GroupMapping.json files specify the mapping between SCIM attributes and IBM Security Directory Server user or group attributes. Each entry in these files contains an SCIM attribute name and an LDAP attribute name. The entry might also contain the following extra attributes.

ReadOnly
Specifies that the value is mapped only from LDAP to SCIM and not the other way.

WriteOnly
Specifies that the value is mapped only from SCIM to LDAP and not the other way. This entry must be used for password.

CreateDN
Specifies that the value is also used to create a distinguished name (DN) in the IBM Security Directory Server, by appending the userSearchBase to the value. To be able to create new resources, there must be one entry with the CreateDN attribute, which uses a SCIM attribute name that is always provided.

Type
Provides the canonical type for a multi-valued attribute.

Conversion
Specifies a conversion of the attribute value. The conversion attribute can have one of the following values:

  • DateTime converts the value from LDAP date format to SCIM date format.
  • Group converts the value from an LDAP group to a SCIM group.
  • NewLines converts the new lines in SCIM values to $ in LDAP values and vice versa.
  • IsActive computes the active status for a user based on several operational attributes.
  • Boolean converts from SCIM boolean to LDAP TRUE or FALSE.
  • InverseBoolean converts from SCIM boolean to LDAP TRUE or FALSE, but TRUE maps to FALSE and vice versa.
  • MultiValued indicates a multi-valued attribute with no canonical type.

Note:

  • There must be only one map entry for each SCIM name, unless the entries have a unique Type.
  • There must be only one entry for each LDAP name, unless the entries are ReadOnly.
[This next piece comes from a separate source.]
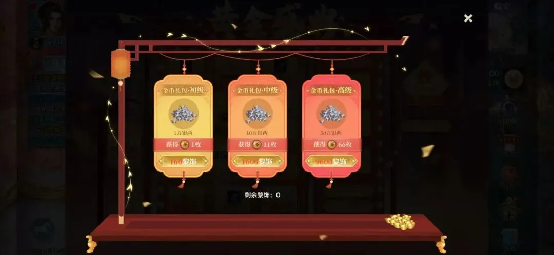 少侠在该活动中消耗黎饰可任意购买三个档位礼包获得不同数量的【纳福令】,消耗纳福令即可进行黄金盛典抽奖!

UserSchema.json and GroupSchema.json

The

UserSchema.json and

GroupSchema.json files provide the schema definition of users or groups as per the SCIM specification. The attributes that are specified must match the attributes that are defined in the

UserMapping.json and

GroupMapping.json files.

ServiceProviderConfig.json
Defines the specification compliance, supported data models, authentication schemes, and so forth.

SCIM.xml
The configuration file that implements the SCIM service.

QRadarLogging.map

The QRadarLogging.map file specifies the values for attributes that are sent to the QRadar system when QRadar syslogging is enabled.

For more information, see the

Readme.txt file in the

SCIM folder in the

sdi_solution_dir of

IBM® Security Verify Directory Integrator installation.